(CNN) — When the Trump administration abruptly terminated ten thousand foreign assistance contracts and grants last week, it ended funding for programs around the world – including those that had been granted waivers by the State Department to continue their lifesaving work.
Millions of people may be affected by the cancelation of the funding, sources said, noting that it exacerbates the impact already felt from the dismantling of USAID and the sweeping foreign aid freeze and stop work orders put in place in late January.
Although some had been restored, such as for production of emergency food products at one company following CNN reporting, many remained terminated as of Monday. Those terminated last week included contracts for work providing clean water and shelter, treating infants and children with HIV/AIDS, preventing infectious diseases, and countless other efforts.
That freeze included an exemption for Secretary of State Marco Rubio to issue waivers for lifesaving services like food and water. However, a USAID official was put on leave after they wrote a memo saying that they were unable to implement the waivers due to actions by Trump administration appointees.
According to the administration, the terminations were the result of Rubio and the State Department finishing a review of the frozen foreign assistance.
“You cannot pause a plane in mid-flight, fire the crew, without a catastrophe,” said Atul Gawande, a former head of USAID’s Global Health Bureau. “You can’t terminate just by shutting off … you have to be able to enable a proper transition, or people will be hurt.”
Several humanitarian officials described the terminations of the awards as “a bloodbath.” Others said the rollout of the terminations from the State Department and USAID was confusing and unexpected, even to some officials within those agencies. Two sources said termination notices had metadata tying them to DOGE employees who are detailed to the agencies.

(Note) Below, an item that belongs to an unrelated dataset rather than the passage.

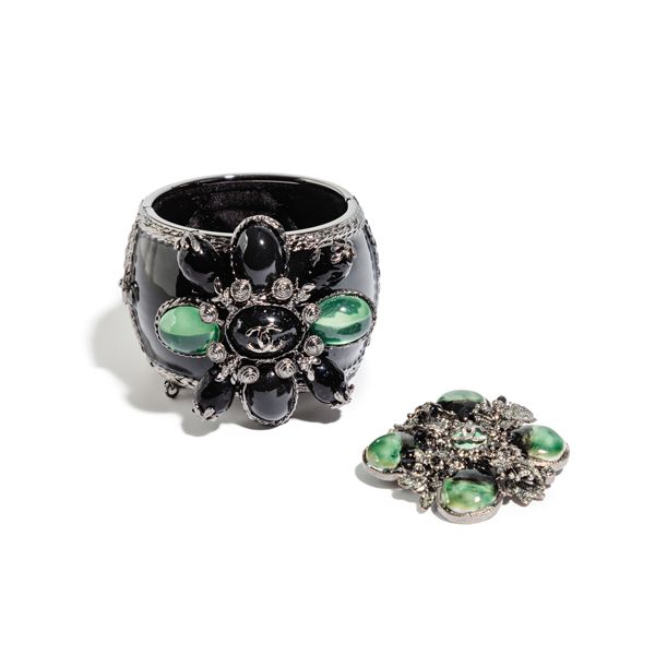 Комплект из манжеты и броши Chanel (предположительно осень 2011 года) из смолы с кабошонами и жемчугом, оценка: 1605–3210 долларов:

There did not seem to be a pattern in the terminations, over which the Trump administration claimed Rubio had final say. Each termination notice said the award was being terminated for “convenience,” sources said, and some ended by thanking them for being a partner of USAID or the State Department and “God Bless America.”
Many noted that it seemed to be timed in response to a judge’s order compelling the Trump administration to pay nearly $2 billion in unpaid fees to humanitarian organizations and contractors by last Wednesday night. That part of the lawsuit is now before the Supreme Court.
Officials from half a dozen humanitarian aid organizations said they received termination notices for programs that had received waivers.
The Elizabeth Glaser Pediatric AIDS Foundation (EGPAF), for example, said last week it “received award termination notices for three of its primary USAID agreements, which had previously received approval to resume limited work under the PEPFAR waiver for lifesaving work from the Department of State.”
“These agreements cover HIV programming in Lesotho, Eswatini, and Tanzania that serves pregnant women, children, and families with HIV,” the organization said in a press release. “These projects are supporting more than 350,000 people on HIV treatment, including nearly 10,000 children and more than 10,000 HIV-positive pregnant women. Terminating these programs will have a devastating impact on the communities EGPAF serves and our work to end AIDS in children, youth, and families.”
Another humanitarian official, who spoke on background for fear of retribution, said more than 80% of their organization’s foreign assistance awards were terminated, including “more than a dozen that had lifesaving waivers in place.”
That included work in the Democratic Republic of Congo, they said, meaning that 14,000 internally displaced persons “are at risk of contracting cholera and other waterborne illnesses because we can’t keep delivering the safe drinking water.”
“More than 12,000 will be forced to live in the open and crowded and dangerous collective centers because we can’t deliver the emergency shelter kits we were meant to,” the official said.
An official from another humanitarian organization said programs that provided seeds to farmers, ones that provided support to malnourished children, and “programs designed to help youth make the choice not to get involved in extremist groups” had all been terminated. They told CNN that about a quarter of the programs that had been terminated were issued waivers.
“What we don’t understand is the Secretary of State made clear that lifesaving programs, especially but not only food assistance programs, he wanted to continue and then many of them have been terminated,” they said.
“We’re really at a loss, and we’re assuming that there’s been some kind of mistake here,” the official said. “We are hoping that they will reverse these decisions, which are going to be very damaging to people.”